2018-03-27	view: depend on SearchMsg for Message-ID
	Since we need to handle messages with multiple and duplicate Message-ID headers, our thread skeleton display must account for that. Since we have a "preferred" Message-ID in case of conflicts, use it as the UUID in an Atom feed so readers do not get confused by conflicts.
2018-03-27	view: permalink (per-message) view shows multiple messages
	This needs tests and further refinement, but current tests pass.
2018-03-23	feed: fix new.html for v2
	I forget this endpoint is still accessible (even if not linked). This also simplifies new.html all around and removes some unused clutter from the old days while we're at it.

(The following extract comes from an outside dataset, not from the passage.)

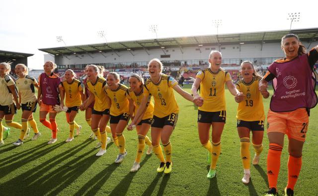 为确保出线有利形势,瑞典队早早占据主动,在半场结束前3球领先葡萄牙。最终凭借5比0的大比分,瑞典以净胜球的优势拿到小组第一,1/4决赛避开法国的同时,进入相对有利的半区。阿斯拉尼(下图左一)1传1射,三场小组赛都有助攻。

2018-03-23	t/psgi_v2: minimal test for Atom feed and t.mbox.gz
	Some test coverage is better than none, here.
2018-03-23	search: reopen DB if each_smsg_by_mid fails
	This gives more-up-to-date data in case and allows us to avoid reopening in more places ourselves.
2018-03-23	www: $MESSAGE_ID/raw endpoint supports "duplicates"
	Since v2 supports duplicate messages, we need to support looking up different messages with the same Message-Id. Fortunately, our "raw" endpoint has always been mboxrd, so users won't need to change their parsing tools.